Jésus dit aussi : « Je suis le pain de la vie. Celui qui vient à moi n’aura jamais faim, et celui qui croit en moi n’aura jamais soif. » (2)
Saint Jean de la Croix l’a parfaitement compris en ajoutant « Au soir de notre vie nous serons jugés sur l’amour. »
Un soldat de l’armée romaine, Saint Martin de Tours, fait partie des saints les plus populaires pour avoir donné l’exemple de « vêtir ceux qui sont nus ». A l’hiver 337, il rencontrera en effet un mendiant transis de froid, il partagera alors avec lui la moitié de son manteau. La nuit suivante le Christ lui apparaîrat vêtu de la moitié de sa cape, le remerciant pour son geste. Martin comprendra qu’il a rencontré le Christ en ce pauvre mendiant.
La bible invite à cette même attitude de compassion : « Donne (…) tes habits à ceux qui sont nus. » (3)
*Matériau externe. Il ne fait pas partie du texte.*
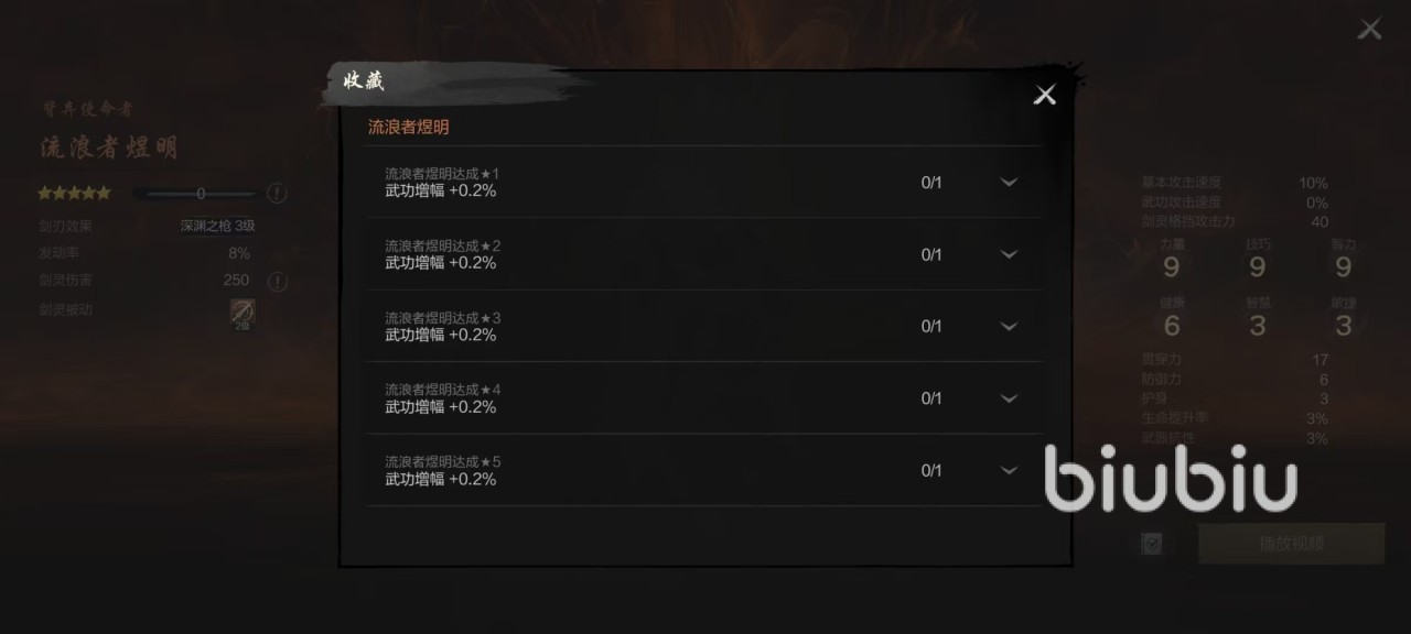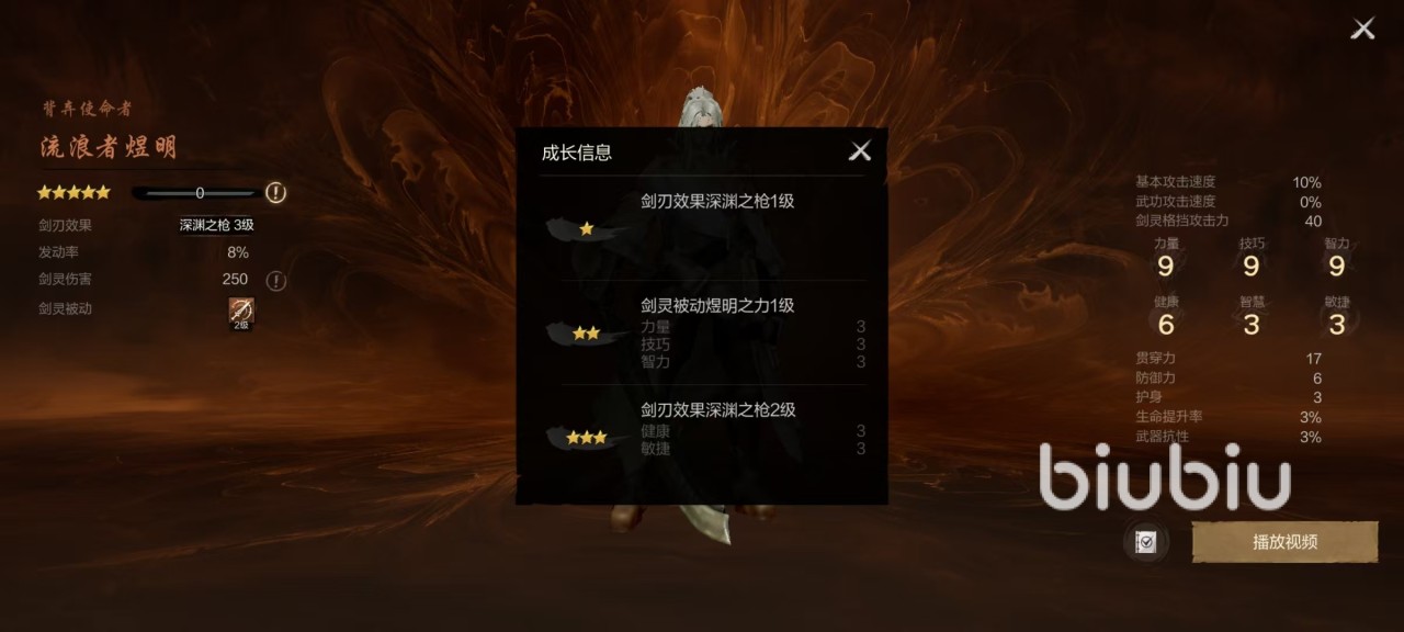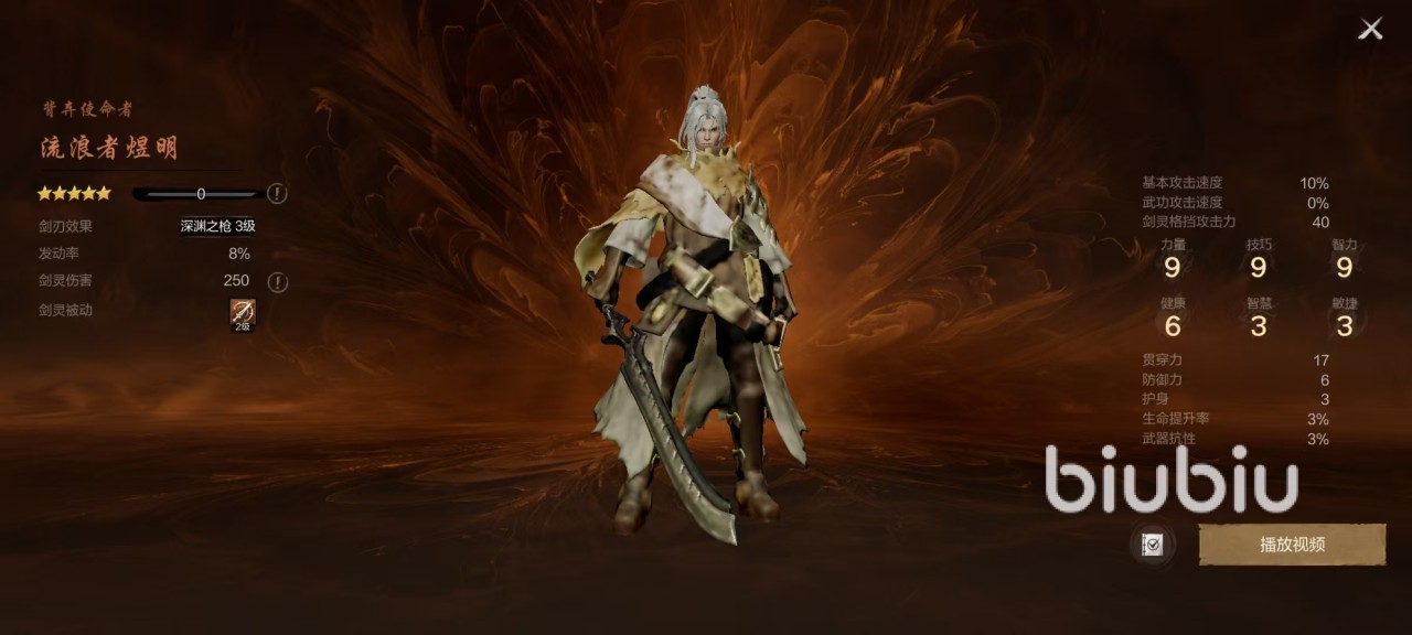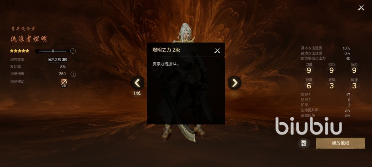 攻击命中带有深渊之伤的敌人时,有一定几率射出深渊之枪,造成相当于武器攻击力200%的伤害。冷却时间一秒钟。从这些技能效果不难看出,流浪者煜明就是为输出而设计出来的剑灵,实力非常强大。它还拥有被动效果煜明之力,增加贯穿力。在其他属性方面,自身的力量、技巧、智力都是9点,健康6点,智慧和敏捷是3点,在贯穿力、防御、生命提升、武器抗性等方面,也都符合自身传说级的特点。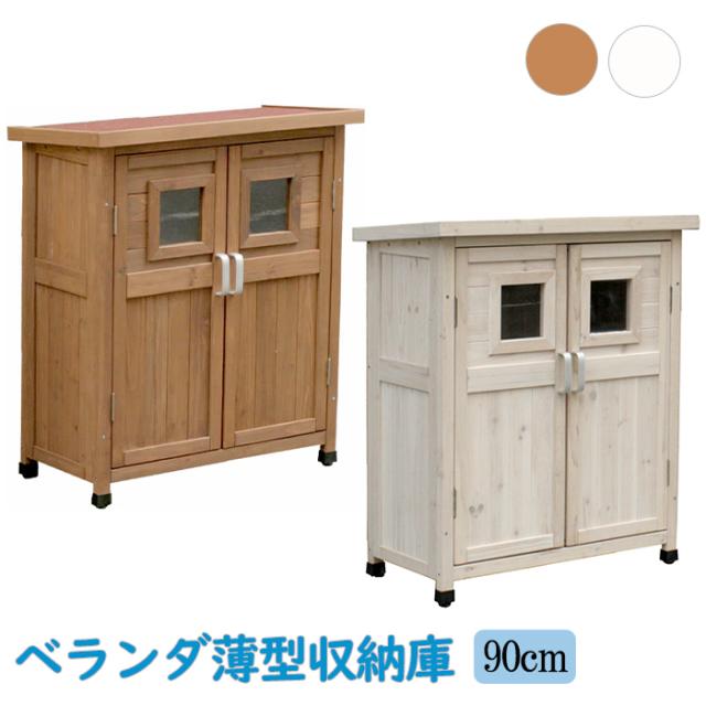 収納庫 屋外 収納棚 物置 木製 薄型 スリム ベランダ 収納 ストッカー 棚 物置き 収納 玄関 庭 屋外収納 屋外物置 倉庫 ガレージ 雨よけ ベランダ収納庫 ラック ガーデニング 扉付 屋外薄型収納庫 高さ92cmタイプ ライトブラウン ホワイトの通販は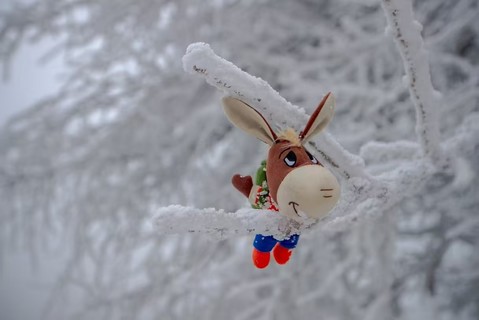 12:00 空旷的地方开始路餐,然后继续徒步前行,赏雪。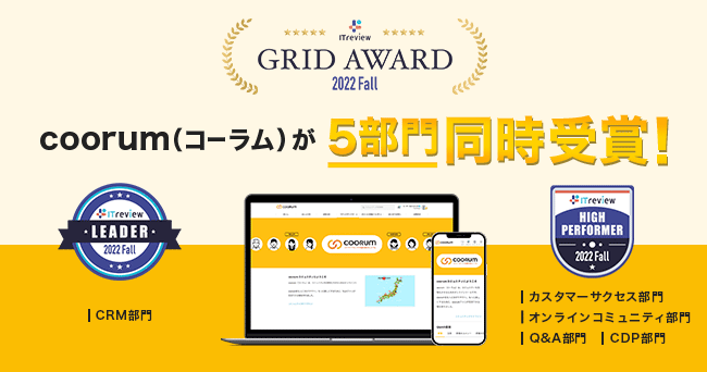 【5部門受賞】ロイヤル顧客プラットフォーム「coorum」が「ITreview Grid Award 2022 Fall」にて5部門同時受賞

La tradition de l’Eglise reconnaît, quant à elle, et promeut sept œuvres de miséricordes corporelles et des œuvres de miséricorde spirituelles qui sont détaillées dans l’évangile selon Saint Matthieu au chapitre 25. Le pape François, à l’occasion du jubilé de la Miséricorde en 2016, reparle aussi de l’importance pour chaque chrétien de réfléchir aux œuvres de miséricorde corporelles et spirituelles : « Ce sera une façon de réveiller notre conscience souvent endormie face au drame de la pauvreté et pénétrer toujours d’avantage le cœur de l’Evangile, ou les pauvres sont les destinataires privilégiés de la Miséricorde Divine. » (4)
Ainsi, dans son exhortation apostolique du 19 mars 2018: Gaudete et Exsultate, le Saint Père est revenu sur ce qui plaît à Dieu : « N’est-ce pas partager ton pain avec l’affamé, héberger chez toi les pauvres sans abri, si tu vois un homme nu, le vêtir, ne pas te dérober devant celui qui est ta propre chair. »
Quelles sont donc ces œuvres de miséricorde?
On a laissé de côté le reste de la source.